Background & Motivation¶

Background: Molecular dynamics (MD) simulation is a core tool in computational chemistry and drug discovery. By numerically integrating Newton's equations of motion, it produces trajectories of atoms evolving over time, revealing dynamic information such as conformational ensembles, binding sites, and dissociation channels. Recently, machine learning has begun to serve as an "accelerated surrogate" for MD, with models for generating protein conformational ensembles, neural network potentials trained on quantum data, and high-precision structure predictors like AlphaFold 3.

Limitations of Prior Work: Traditional MD is limited by extreme computational overhead—even with PME reducing complexity to \(O(N\log N)\), force calculation remains the most expensive part. To resolve femtosecond-level high-frequency atomic vibrations, time steps must be extremely small, causing the simulatable physical time to be constrained to very short scales.
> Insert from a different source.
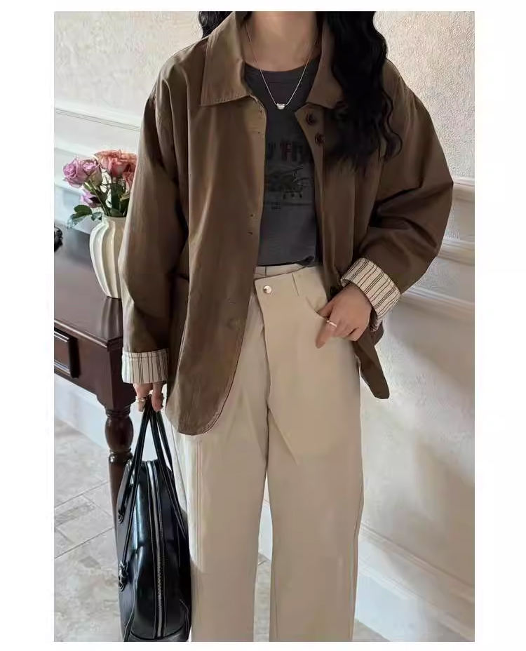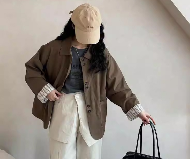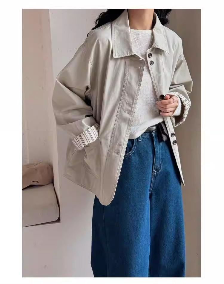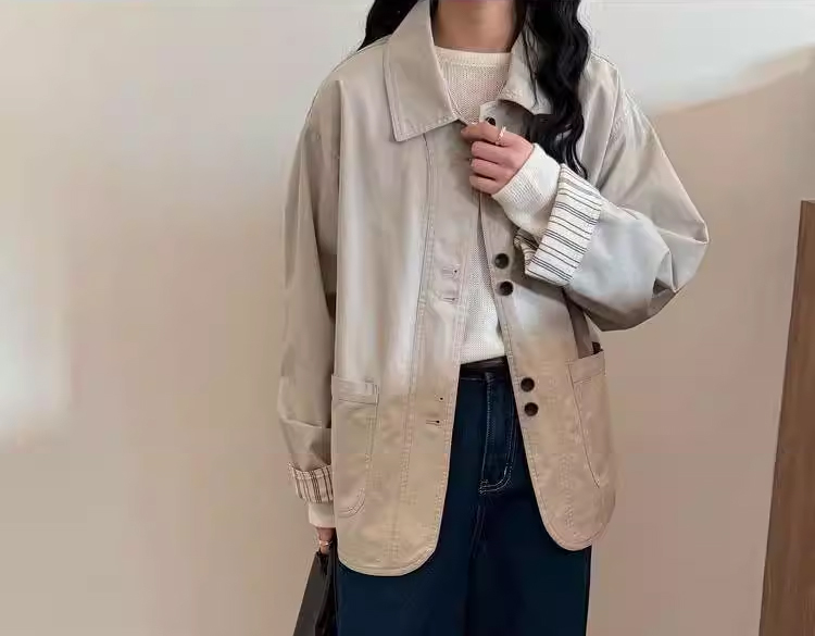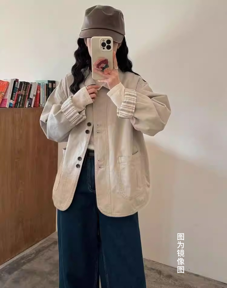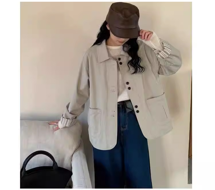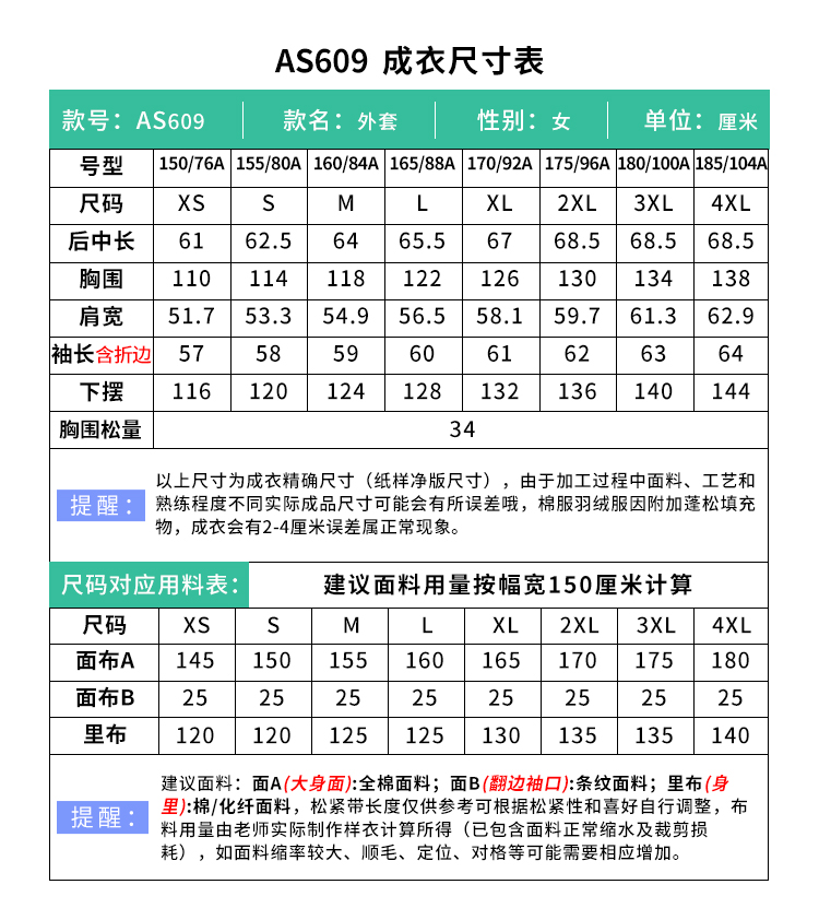 裁缝学苑AS609新款翻领大口袋拼接风衣纸样女装工装短上衣外套样板

Biologically meaningful processes (microseconds to milliseconds) are thus almost impossible to sample directly with all-atom MD. While ML methods have progressed, they are generally stuck in two types of limitations: one type (e.g., various conformational ensemble generators) only provides "possible conformations" or final bound states, lacking a time dimension and failing to show dynamical channels between states; the other type attempting to model trajectories often oversimplifies—NeuralMD treats protein atoms as static and only moves the ligand, while MDGen is designed for peptides/proteins and does not handle small molecule ligands.
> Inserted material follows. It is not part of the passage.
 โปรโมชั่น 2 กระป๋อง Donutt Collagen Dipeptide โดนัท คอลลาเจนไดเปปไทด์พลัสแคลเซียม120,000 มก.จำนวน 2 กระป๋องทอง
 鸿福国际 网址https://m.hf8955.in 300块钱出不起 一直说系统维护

Key Challenge: Generating complete trajectories for protein-ligand complexes is hindered by the complexity of the protein-ligand energy surface and the scarcity of high-quality trajectory training data. Furthermore, direct modeling of long trajectories poses the dual challenges of excessive sequence length and error accumulation.
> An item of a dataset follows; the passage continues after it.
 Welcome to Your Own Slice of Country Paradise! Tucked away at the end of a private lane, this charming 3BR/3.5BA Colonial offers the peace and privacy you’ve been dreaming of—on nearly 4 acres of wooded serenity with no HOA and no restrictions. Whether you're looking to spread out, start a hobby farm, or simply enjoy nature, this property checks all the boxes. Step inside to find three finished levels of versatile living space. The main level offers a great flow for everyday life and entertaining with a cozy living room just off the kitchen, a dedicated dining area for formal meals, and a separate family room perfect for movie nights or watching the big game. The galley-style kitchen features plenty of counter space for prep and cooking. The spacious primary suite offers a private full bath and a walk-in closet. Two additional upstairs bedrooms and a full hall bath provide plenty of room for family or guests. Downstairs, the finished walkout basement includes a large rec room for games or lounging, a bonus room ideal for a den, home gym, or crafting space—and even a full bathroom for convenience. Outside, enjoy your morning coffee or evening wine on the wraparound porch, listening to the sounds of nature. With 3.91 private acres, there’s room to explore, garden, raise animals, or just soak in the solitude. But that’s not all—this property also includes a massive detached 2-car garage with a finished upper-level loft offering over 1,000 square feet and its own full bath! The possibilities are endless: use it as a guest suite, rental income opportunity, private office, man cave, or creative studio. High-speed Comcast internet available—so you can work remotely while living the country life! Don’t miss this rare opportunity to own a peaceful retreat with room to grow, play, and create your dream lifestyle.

Key Insight: The authors observe a key fact (Figure 1 in the paper)—at short time scales, conformations remain almost unchanged; significant global motion only appears when the time window is expanded. Therefore, the "large-step evolution" and "local details" of long trajectories can be decoupled.

Core Idea: Long trajectory generation is split into two steps—first, use a large step size (taking one frame every \(k=10\) frames) to predict a coarse-grained trajectory, then interpolate to fill in intermediate frames within each coarse interval. Both steps are unified within the same conditional flow matching model, switching tasks through different "noise-as-masking" schedules. This both shortens the sequence length for modeling and suppresses long-range error accumulation.

Method¶

Overall Architecture¶

The goal of BioMD is: given the initial conformation of a complex (the first frame \(x_0\)), generate the subsequent all-atom trajectory \(X_T=\{x_0,x_1,\dots,x_T\}\), where each frame \(x_t=[x_t^P, x_t^\ell]\in\mathbb{R}^{N\times3}\) contains both protein and ligand Cartesian coordinates. The entire pipeline is: first, an SE(3) Graph Transformer encodes the initial conformation into single-node and pair representations as conditions; then, a unified velocity network (FlowTrajectoryTransformer) processes the entire trajectory sequence at once to predict the velocity field of each frame under conditional flow matching. The hierarchical framework uses two different masking schedules to allow the same model to perform coarse-grained "prediction" first and then fine-grained "interpolation." For long dissociation trajectories, it switches to an autoregressive mode to generate block by block. The generated coordinates are then constrained by several physical auxiliary losses to ensure bond lengths, avoid collisions, and suppress rigid body drift.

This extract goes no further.